URL: http://www.w3.org/TR/2005/WD-xhtml2-20050527/mod-hypertext.html.

The a element type: it would be a good idea to explain the href attribute type before explaining that the a type element is not strictly necessary. Whoever reads the specification from beginning to end has not seen the explanation of href when arriving at this section.

For reasons of accessibility, please emphasize that link text should be meaningful, i.e. not just “here”, “go” or the URL contained in the href attribute. For greater device independence, please add that link text should not mention the device that may be used to activate a hyperlink, as in “click here”.

I am not in favour of allowing href on every element type, please exclude div, h, hx, blockquote, blockcode, p, form, table, tbody, thead, tfoot, tr, ol, ul, dl, nl, object. If large blocks are allowed to serve as links, users may often activate a link by accident.

11. XHTML List Module

URL: http://www.w3.org/TR/2005/WD-xhtml2-20050527/mod-list.html.

The ol and ul element types: please specify where numbering starts for ol (e.g. at 0 or 1 for roman numerals?) and if language and locale allow for other types of numbering.

The li element type: please provide an example that uses the value attribute. For example, does the following example show what is intended?

<ol>
  <li value="0">[associated number is zero instead of 1]</li>
  <li>[associated number is 1]</li>
  <li value="5">[associated number is 5]</li>
  <li>[associated number is 6]</li>
</ol>

Please clarify how this interacts with the numbering systems defined in CSS 2's list-style-type property.

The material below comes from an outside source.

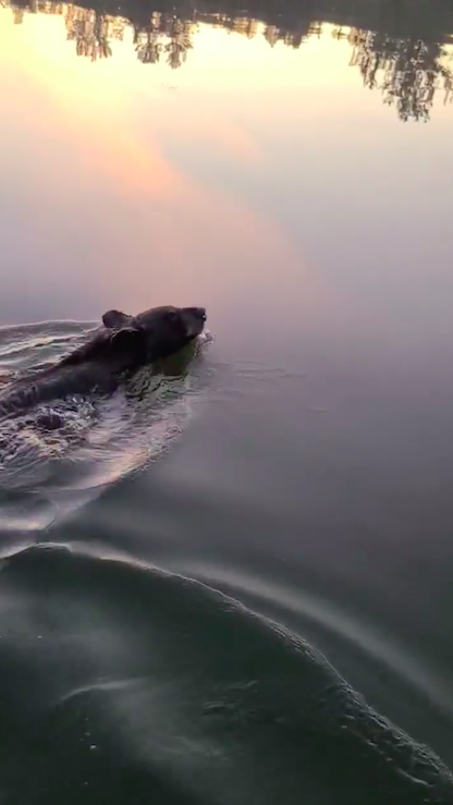 The bear literally swam off into the sunset and hopped onto shore.
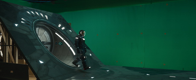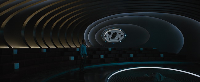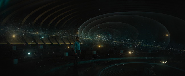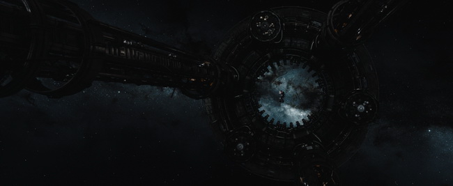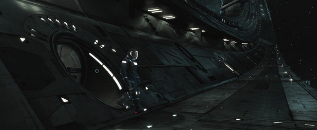 Les plans du vaisseau dans l’espace reposent sur une charte graphique originale. Excepté une séquence particulière, il n’y a aucune planète, ni aucun soleil pour illuminer le vaisseau. Il est éclairé uniquement par les étoiles de la Voie Lactée. “Nous voulions nous éloigner du look traditionnel des scènes dans l’espace au cinéma, avec une lumière directionnelle puissante et des ombres très marquées façon NASA. Par conséquent, la lumière sur le vaisseau est très douce, les ombres sont très peu marquées. La lumière provenait d’un énorme dôme virtuel sur lequel étaient projetées des centaines de milliers d’étoiles représentant la Voie Lactée. Elles ont été réalisées en HDR à partir de dizaines de maps superposés qui constituaient une image à la résolution tout à fait extraordinaire ! Certaines nébuleuses étaient projetées sur des cartes devant le dôme afin d’avoir plus de profondeur dans l’image et de générer un effet de parallaxe. En plaçant le modèle du vaisseau au centre de ce dôme, les surfaces se retrouvaient éclairées naturellement par la lueur des étoiles. Par contre, les temps d’exposition étaient extrêmement longs… ”

For reasons of accessibility, it would be good if user agents were allowed (through a configuration option) to use a long numbering format for nested ordered lists. This would make it easier for screen reader users to keep track of their location in a nested list, as in the following example.

<ol>
  <li>Tea
    <ol>
      <li>Darjeeling</li>
      <li>Assam
        <ol>
          <li>Dejoo Assam</li>
          <li>Gingia</li>
          <li>Tarajulie</li>
        </ol>
      </li>
      <li>Ceylon Orange Pekoe</li>
    </ol>
  </li>
  <li>Coffee</li>
</ol>

If a long numbering format were allowed, the above code example could result in the following rendering:

1. Tea
1. 1.1 Darjeeling
2. 1.2 Assam
  1. 1.2.1 Dejoo Assam
  2. 1.2.2 Gingia
  3. 1.2.3 Tarajulie
3. 1.3 Ceylon Orange Pekoe
2. Coffee

12. XHTML Core Attributes Module

URL: http://www.w3.org/TR/2005/WD-xhtml2-20050527/mod-core.html.

class attribute type: please clarify that this can contain a space-separated list of classes (for people who are not used to reading schemas).

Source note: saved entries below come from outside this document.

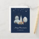 Cute blue Merry Christmas postcard featuring a watercolor winter scene with a buck and a doe in a snowy forest and shining stars above them. Easily personalise this blue holiday postcard with your family name, return address and additional text as desired.
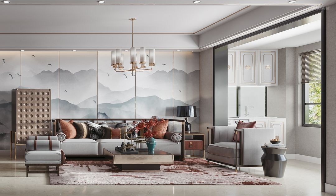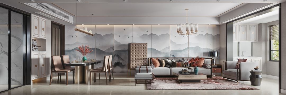 前言: 业主是一对从事飞行事业的夫妻,沟通过程中比较喜欢新中式,而这次的设计因为户型的原因所以我选择把整个一面餐厅 玄关 到客厅沙发背景做了一个整体的延伸,其实我觉得每一位飞行员应该都是一个勇者,每一次飞行都是工作大于欣赏,所以希望这样一整幅大背景让业主回来就可以放松心情,让自己翱翔于天际,而古色古香的中式韵味可以让人马上清静下来,静享时光的美好。
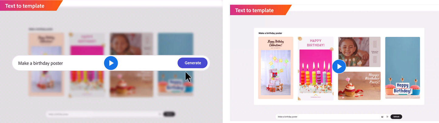 어도비 '파이어 플라이'는 템플릿도 자동으로 만들어줍니다. 생일 포스터를 만들어달라고 명령하니 짠! 포스터가 만들어집니다.

layout=irrelevant*|relevant: does the asterisk after irrelevant have a special meaning (default value?) or is it a typographical error?

Is irrelevant the default for all element types, meaning that it contradicts xml:space="preserve"?

13. XHTML Hypertext Attributes Module

URL: http://www.w3.org/TR/2005/WD-xhtml2-20050527/mod-hyperAttributes.html.

The nextfocus attribute type: case 2.1: If the root element of the document has a nextfocus attribute, and the element referred to by the attribute is focusable, the element must receive focus. Please add “when the user requests that the user agent navigate to the next element that can receive focus”, unless you mean “when the document is loaded”.

The first rule for determining the next focus means that when (for example) a screen reader user has tabbed to the end of a document, he should automatically be taken back to the beginning. However, it seems desirable that there is some notification that the end of the document has been reached, to prevent the user from “tabbing in circles” before they notice that they're rereading the same document.

Please also add that nextfocus (which I assume replaces HTML 4.0's tabindex) should only be used if the document's normal tab order has usability issues.

I don't think tables are a good example to demonstrate nextfocus: first, WCAG 1.0 requires that tables linearize properly, then, XHTML 2.0 encourages the use of nextfocus to obscure the table structure?! Please provide an example where nextfocus actually helps the user! An alternative example follows.

<html nextfocus="search" xmlns="http://www.w3.org/2002/06/xhtml2/" xml:lang="en"
  xmlns:xsi="http://www.w3.org/2001/XMLSchema-instance"
  xsi:schemaLocation="http://www.w3.org/2002/06/xhtml2/
    http://www.w3.org/MarkUp/SCHEMA/xhtml2.xsd">
…
<ul class="navigation">
  <li>
    <a href="index.htm" id="homelink" nextfocus="sitemaplink">Home Page</a>
  </li>
  …
  <li>
    <a href="sitemap.htm" id="sitemaplink" nextfocus="content">Site Map</a>
  </li>
</ul>
…
<form method="get" name="search" action="search.jsp">
  <p><label for="search">Search: </label>
    <input nextfocus="homelink" id="search" 
      name="search" type="text" size="20" maxlength="40" />
  </p>
  <p>
    <span class="button"><input type="submit" value="Go!" /></span>
  </p>
</form>
…
<h1 id="content">Services</h1>
[Main content: description of services]

The above example first takes the user to the search form, then to the “Home Page” link, then to the “Site Map” link, and finally to the actual content. After that, focus goes to the next focusable element in document order.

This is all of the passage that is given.